Nifty has been making lower highs and lower lows in the recent weeks. The long bearish engulfing formed on 31st August indicated bearishness and the index corrected as expected in the earlier article. The break of the rising support trend-line that formed since March 2020, contributed to the strength of the corrective structure.
4 weeks on, the market is still in the corrective structure and has not yet broken the resistive trend-line which formed when the market made subsequent lower tops. The recent pullback from 10790 is again facing resistance near 11400-11450 where the trend-line lies now. The 61.8% Fibonacci Retracement of the market downside from 11800 to 10800 also coincides with the 11400 pattern resistance zone. This adds weight to the current downtrend. If the market resumes the downtrend from here on, the ongoing structure of lower high will be intact. For any reversal of this trend, the market needs to break 11600 on the upside decisively with intra-day price action. Any technical correction after the breakout should also not make a lower low by breaching 10800 and should ideally hold above 11100 for further upside strength. In such a bullish scenario, the market can retest 11800. On the contrary, in a bearish scenario, a break of 10800 would lead to further correction till 10550-10600 which acted as a support during the month of July.

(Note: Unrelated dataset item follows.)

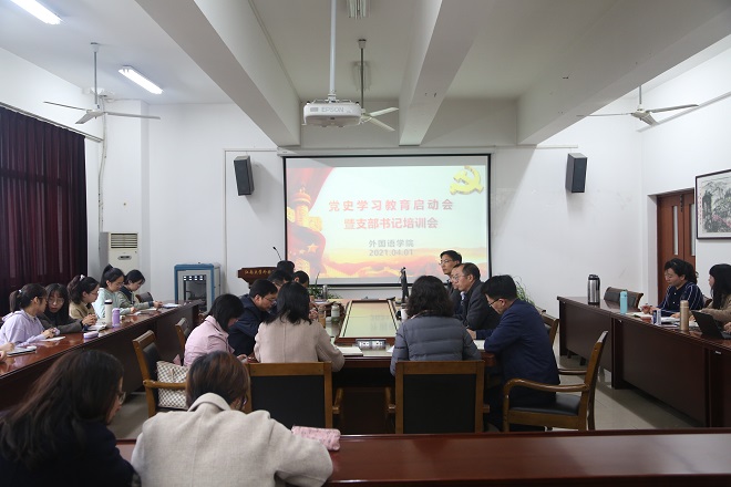 2021年是中國(guó)共產(chǎn)黨成立100周年,也是“十四五”規(guī)劃的開局之年,站在“兩個(gè)一百年”奮斗目標(biāo)歷史交匯的關(guān)鍵節(jié)點(diǎn),在全黨集中開展黨史學(xué)習(xí)教育,重溫黨的光輝歷程,具有重大的意義。4月1日,外國(guó)語學(xué)院召開了黨史學(xué)習(xí)教育啟動(dòng)會(huì)暨黨支部書記培訓(xùn)會(huì),對(duì)學(xué)院的黨史學(xué)習(xí)教育工作進(jìn)行了動(dòng)員部署,并對(duì)基層黨建工作進(jìn)行專題培訓(xùn)。校黨委組織部副部長(zhǎng)耿向陽、學(xué)院黨委委員、教工及學(xué)生黨支部全體支部委員參加會(huì)議,劉伯賢主持會(huì)議。

Alternatively, the index could also get stuck in a range after seeing increased volatility for the month of September. US elections, expectation of stimulus package, RBI moratorium judgement, the military standoff at Ladakh, Spread of COVID and uncertainty of lock-down due to it, are all events which can influence market direction but ones that don't have clarity at the moment. A directional bet on the index could be put on hold by institutions until clarity emerges which adds strength to the possibility of a ranged move in the markets with a band of 10900-11600 for the coming weeks.
September saw a reversal of FII and DII activity. DII after being net sellers since July, supported the markets by absorbing the selling of FII. The buying led to DII closing the month as marginal net buyers while the FII selling was in tune of 11k crore which was instrumental in the market correction. FIIs are beginning to determine the market direction after being subdued since April and need to be watched closely. For the near term, there is significant PUT OI at 11000 strike and CALL OI at 11500 strike, which indicates the range for the coming weeks.